This particular discussion is clearly oriented towards the technically minded, but I encourage you now if your at all interested in overpowering computers to the point of putting a full Supper computer cluster on a 1CM^2 chip, then it's worth reading!

So you may or may not have herd about memristor technology, and thus I will section this out for those that want to skip the introduction, heres the topics listing:

1. What is a memristor? (in laymen terms)
2. What can we use memristors for?
3. Problems that are faced.
4. What we have today.

1: What is a Memristor?
A memristor is a fundamental component of electronics, one of the four fundamental components, (Resistor, Capacitor, Inductor, Memristor) it is eventually, just a resistor with memory. So what does that mean? Well resistance is just the measure of how much power (voltage) you need to drive electrons with, to push that at whatever speed (current). The interesting part is this devices resistance can change, and this change can be controlled via a voltage field. Still with me? Doesn't really matter, the good news is this device is fully capable of all logical operations, and also store digital information.

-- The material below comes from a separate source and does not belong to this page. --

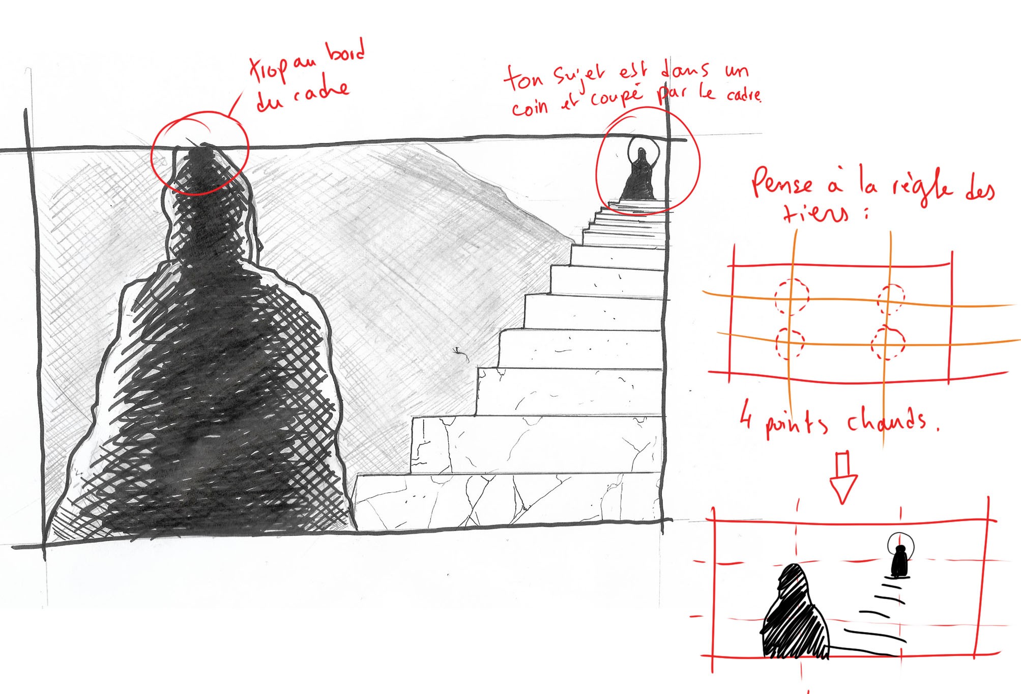 Penses à mettre tes sujets sur les lignes ou points chauds de la règle des tiers.

You want to know how this is possible? OK fine here we go:
(A short disclaimer, I've read on this topic, and watched video series, I'm also studying electrical engineering, and computer science, but i'm not an official on the subject, seek a real source.)
Titaniumoxide compounds are used, first one takes away some oxygen atoms and this leaves bubble like gaps in the remaining compounds, these gaps respond to fields of charge, and so you can move them to one side of your choice.
So why do you want to move the gaps? well by moving atoms around you can change the total resistance in the component, and with no field active it will maintain the same resistance, for as long as you leave it. Thus you get the memristor effect.

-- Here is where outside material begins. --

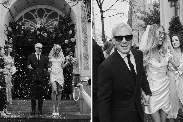 Jamie Laing and Sophie Habboo walk out of Chelsea registry office to confetti from family and friends. (Photos: Sophie Habboo on Instagram @sophiehabboo)

2: What can we use memristors for?
Memristors have innumerable uses, first a short list of important features:

• Memristors works best when small, and are currently down to the 3nm scale.
• Memristors have a switching speed of about 1ns max(ish) without degrading total life time expectancy intolerably.
• Memristors can be switched at around 1/10th the speed of the RAM in your computer (DRAM)
• Memristors are 3nm's, transistors are around 32nm's, and flash is dropping to about 20nm. Smaller is better here.
• Memristors unlike DRAM are non-volitile, and won't loose thier resistance.
• Memristors have a new architecture, which allows them to be stacked one atop the other.
• Memristors can store more than two states.
• Memristors are cheep as s***.
• Memristors have very very small power consumption.

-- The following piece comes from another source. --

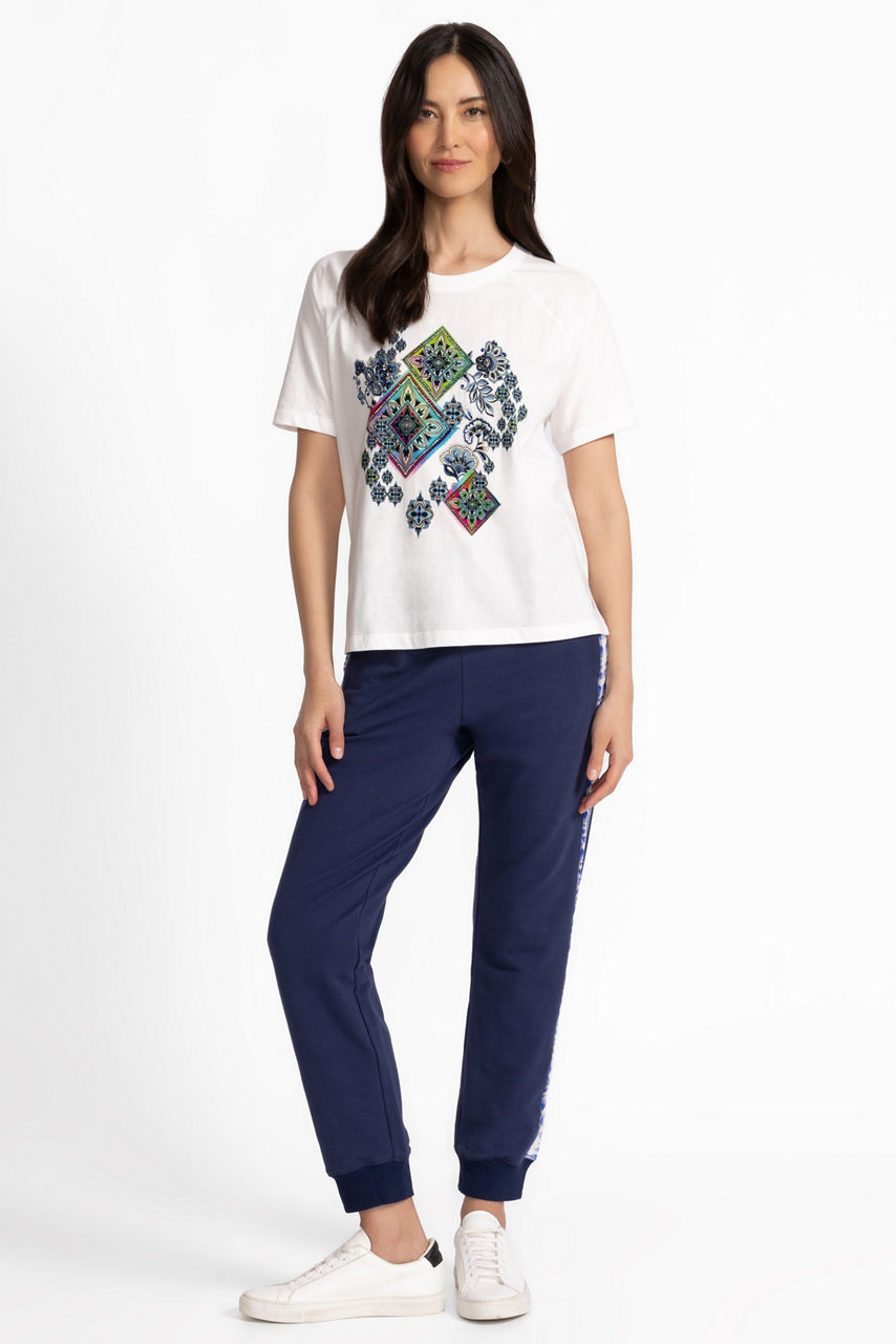 Crafted from 100% breathable cotton, the Bee Active Raglan Graphic Tee features a brilliant geometric pattern in hues of blue. Designed with a crew neckline and raglan sleeves, this relaxed-fit tee is finished with a straight hemline. Pair with the Bee Active Joggers with Side stripes and matching hoodie for a cohesive active ensemble.

So where dose this leave us, lets address storage first, as computer storage space is a relevant topic nowadays.

Storage:
HDD's, DRAM, SSD's of PCM and NAND Flash, are all suffering from major draw backs, I wont get into these but the memristor fits nicely into the markets center place, succeeding where everyone else fails. Sure the memristor isn't as fast as RAM, but on the other hand memristors are smaller, we'll get into why thats so important next:

The size of a memristor is impressively small, by my calculations I estimate you can fit 17,000 stacked against each other behind a single average human hair, width ways. This is important for a number of physics reasons, but we are mainly interested in the fact that it means the following:

A) By using such small memristors, we can create a 1CM^2 CMOS powered chip that multiplexes and demultiplexes information into a 4 dimensional array of memristors.
B) This is done mainly by having your 2D array of memristors, stacking them to get a 3D array, then using multiple states per memristor, to make it a 4D array. (cool eh?)
C) We can get about 1000 layers on a 1CM^2 chip, with that much CMOS.
D) That many memristors adds up to about 1TB per layer. Yes one whole Tera-byte, 2^43 bits (I believe (I'm sleepy k?)).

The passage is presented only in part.